**Problem details**
In the records below, reproduce exactly the lines from the one containing "изменения исходных расчетов;" through the one containing "Das bedeutet: Du", both included, and omit the pictures.

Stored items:
====
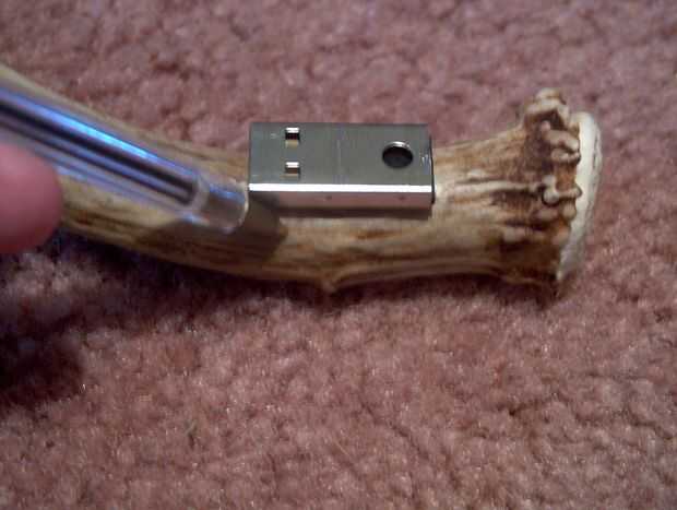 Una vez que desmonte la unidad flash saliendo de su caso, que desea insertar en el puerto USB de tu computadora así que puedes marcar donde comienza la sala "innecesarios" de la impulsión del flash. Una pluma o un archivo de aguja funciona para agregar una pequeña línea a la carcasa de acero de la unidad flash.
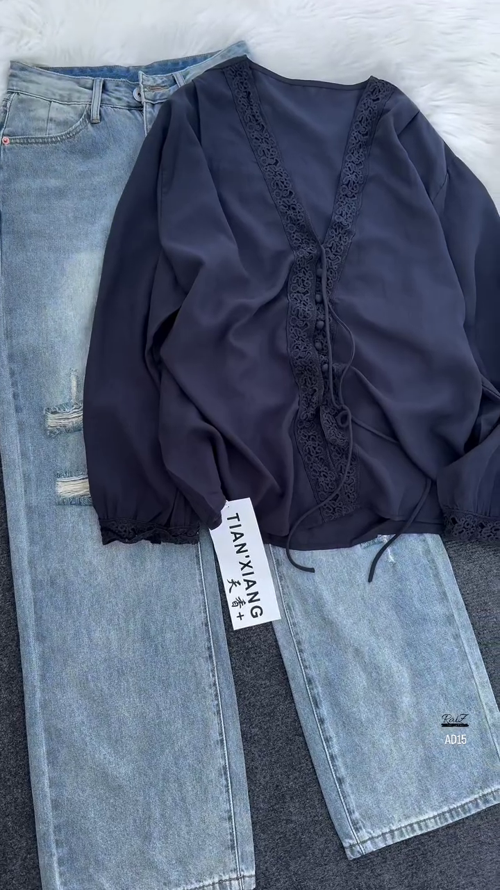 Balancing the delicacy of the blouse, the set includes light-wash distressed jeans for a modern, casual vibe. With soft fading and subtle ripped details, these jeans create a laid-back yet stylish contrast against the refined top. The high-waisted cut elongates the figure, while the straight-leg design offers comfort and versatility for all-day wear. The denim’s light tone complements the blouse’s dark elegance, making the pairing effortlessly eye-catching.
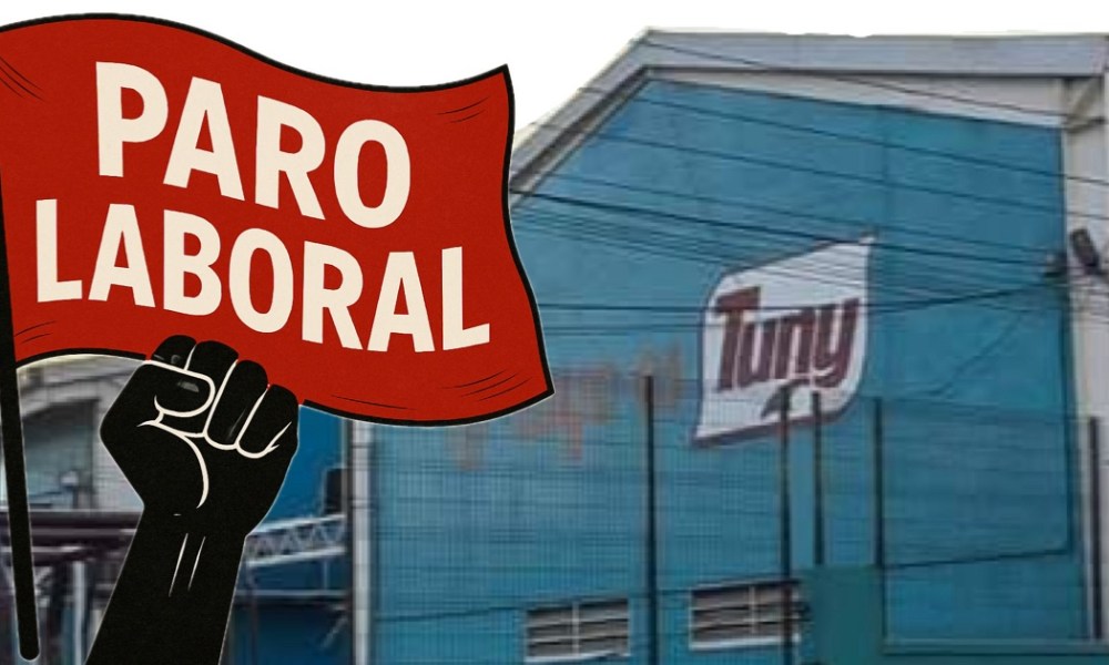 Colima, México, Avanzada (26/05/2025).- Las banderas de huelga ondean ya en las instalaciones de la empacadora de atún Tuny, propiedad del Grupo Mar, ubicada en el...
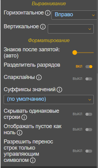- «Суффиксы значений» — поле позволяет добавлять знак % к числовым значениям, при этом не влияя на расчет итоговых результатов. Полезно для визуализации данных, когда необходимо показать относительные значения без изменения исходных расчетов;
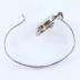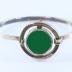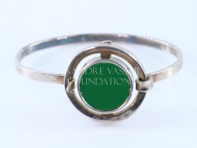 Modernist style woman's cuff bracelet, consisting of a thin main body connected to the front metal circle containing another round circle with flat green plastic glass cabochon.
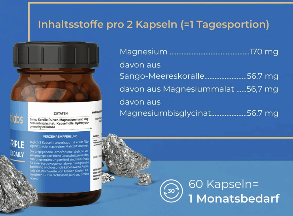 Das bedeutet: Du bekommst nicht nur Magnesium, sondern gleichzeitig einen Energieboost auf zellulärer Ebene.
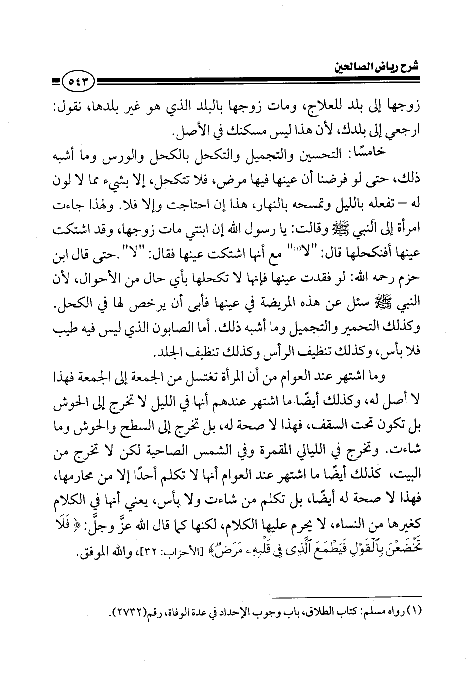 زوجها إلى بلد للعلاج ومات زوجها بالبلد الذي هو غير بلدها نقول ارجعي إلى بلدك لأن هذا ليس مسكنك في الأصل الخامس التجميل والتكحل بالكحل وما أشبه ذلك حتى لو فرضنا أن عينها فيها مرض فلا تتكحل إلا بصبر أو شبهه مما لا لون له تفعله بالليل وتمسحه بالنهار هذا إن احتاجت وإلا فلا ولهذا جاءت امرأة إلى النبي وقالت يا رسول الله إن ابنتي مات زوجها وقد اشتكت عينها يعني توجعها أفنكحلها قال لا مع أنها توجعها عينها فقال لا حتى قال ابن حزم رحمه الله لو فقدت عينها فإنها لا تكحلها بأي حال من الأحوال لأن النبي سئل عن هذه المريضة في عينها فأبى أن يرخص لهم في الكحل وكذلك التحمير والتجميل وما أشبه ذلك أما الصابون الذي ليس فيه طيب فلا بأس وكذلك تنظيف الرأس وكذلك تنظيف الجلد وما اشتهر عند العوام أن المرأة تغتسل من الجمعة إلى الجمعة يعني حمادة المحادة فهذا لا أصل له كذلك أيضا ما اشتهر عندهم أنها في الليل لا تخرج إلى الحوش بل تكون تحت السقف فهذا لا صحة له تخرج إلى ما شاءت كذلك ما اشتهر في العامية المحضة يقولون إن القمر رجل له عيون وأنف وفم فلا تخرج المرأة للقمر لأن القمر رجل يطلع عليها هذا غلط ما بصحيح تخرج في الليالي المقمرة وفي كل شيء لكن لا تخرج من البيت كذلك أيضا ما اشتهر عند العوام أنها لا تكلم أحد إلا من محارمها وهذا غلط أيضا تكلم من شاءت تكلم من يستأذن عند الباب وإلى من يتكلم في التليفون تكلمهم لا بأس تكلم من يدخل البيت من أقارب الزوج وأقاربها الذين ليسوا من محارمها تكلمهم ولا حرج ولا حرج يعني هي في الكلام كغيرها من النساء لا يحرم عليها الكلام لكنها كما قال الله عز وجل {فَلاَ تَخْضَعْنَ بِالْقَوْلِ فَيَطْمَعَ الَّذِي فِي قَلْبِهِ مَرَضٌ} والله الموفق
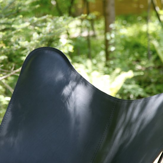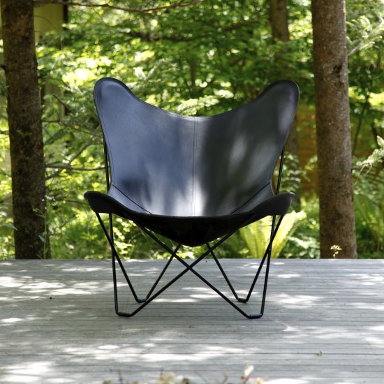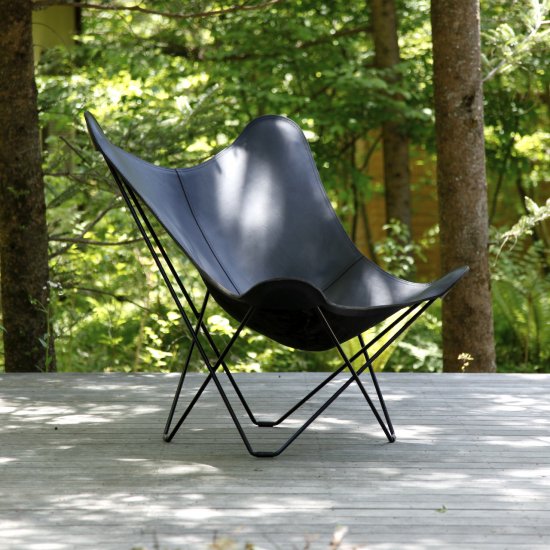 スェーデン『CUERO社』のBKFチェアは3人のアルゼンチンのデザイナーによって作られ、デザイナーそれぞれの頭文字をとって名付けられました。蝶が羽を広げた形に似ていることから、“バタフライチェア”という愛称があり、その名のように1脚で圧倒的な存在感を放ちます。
====
**Response below**
- «Суффиксы значений» — поле позволяет добавлять знак % к числовым значениям, при этом не влияя на расчет итоговых результатов. Полезно для визуализации данных, когда необходимо показать относительные значения без изменения исходных расчетов;
 Modernist style woman's cuff bracelet, consisting of a thin main body connected to the front metal circle containing another round circle with flat green plastic glass cabochon.
 Das bedeutet: Du bekommst nicht nur Magnesium, sondern gleichzeitig einen Energieboost auf zellulärer Ebene.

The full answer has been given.